Gli spettatori entrano in sala portando con sé una coperta, perché questo è richiesto dal programma. Tutte le coperte consegnate in tempo reale agli attori diventano parte dell’azione scenica. Partendo dal dramma shakespeariano, con l’aggiunta di dichiarate citazioni dall’attualizzazione della stessa opera da parte dello scrittore e politico francese Aimé Cesaire, i Motus, interpretando scena per scena i vari personaggi, compiono una riflessione sull’origine del potere, sugli oneri che ne comporta l’assunzione e sulla inevitabile contestazione verso chi questo potere lo detiene (nello spettacolo è chiamato “Maestro” e il pubblico si rende subito conto che in realtà ci si rivolge al fascio di luce proveniente dal proiettore piazzato sulla scena, n.d.r.).
Le coperte accompagnano sulla scena gli attori e si trasformano di volta in volta in onde del mare, in rifugi, in scogli (o altre situazioni in cui alcuni interpreti assumono una posizione predominante rispetto ad altri), nella tempesta stessa e perfino in una indelebile citazione dall’opera (“This Island is mine!”, a ricordare al pubblico il momento della rivolta di Calibano, n.d.r.).
Lo spettacolo assume inoltre una doppia valenza metateatrale, nel suo evolversi e sul finale, in quanto gli attori portano avanti l’azione scenica (anche) come se si trovassero in fase di allestimento (grazie all’ausilio di alcuni video), chiamandosi ciascuno con il proprio nome e decidendo di volta in volta quale scena montare.
Si recita anche in inglese, ma la comprensione di riflessioni su temi quali la crisi economica, le contestazioni generazionali, il rapporto tra il Nord e il Sud del mondo, viene favorita dalla presenza di sottotitoli (in italiano, inglese e francese) per tutta la durata dello spettacolo.

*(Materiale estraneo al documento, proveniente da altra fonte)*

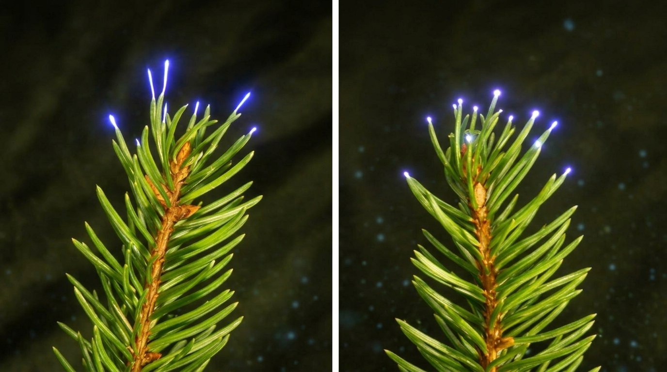 Immergrüne Nadelbäume, also Tannen, Fichten und Kiefern, sind mit ihren feinen, spitzen Nadeln besonders effizient darin, das elektrische Feld zu bündeln. Sie leuchten deutlich heller und intensiver als Laubbäume mit ihren breiteren, flacheren Blättern. Die Nadelgeometrie wirkt wie ein natürlicher Verstärker für die elektrische Energie des Gewitters.

Coup de théâtre finale nel momento in cui, attraverso il personaggio di Ariel (lo spirito dell’aria) la riflessione sui nuovi poteri contemporanei arriva a compimento e la compagnia propone al pubblico di alzarsi dal proprio posto, prendere una delle coperte e sistemarsi in un qualsiasi punto della scena, proprio a voler sottolineare uno spostamento, un agire anche nel proprio piccolo per cercare di cambiare le cose (o perlomeno prospettiva). Un abbattimento della quarta parete che non ha entusiasmato proprio tutti i presenti in sala, ma che comunque ha sortito un buon effetto sugli applausi finali, questa volta effettivamente a scena aperta. Sono da citare Enrico Casagrande e Daniela Nicolò per l’ideazione, la regia e la drammaturgia di un lavoro complesso, un po’spiazzante, ma riuscito.
Al termine di entrambe le rappresentazioni, tutte le coperte saranno donate al Gruppo Abele di don Ciotti che le utilizzerà per i propri fini istituzionali, ovvero per soccorrere “le persone che chiedono aiuto e che, per i motivi più diversi, si trovano a vivere momenti di difficoltà nel corso della propria esistenza”.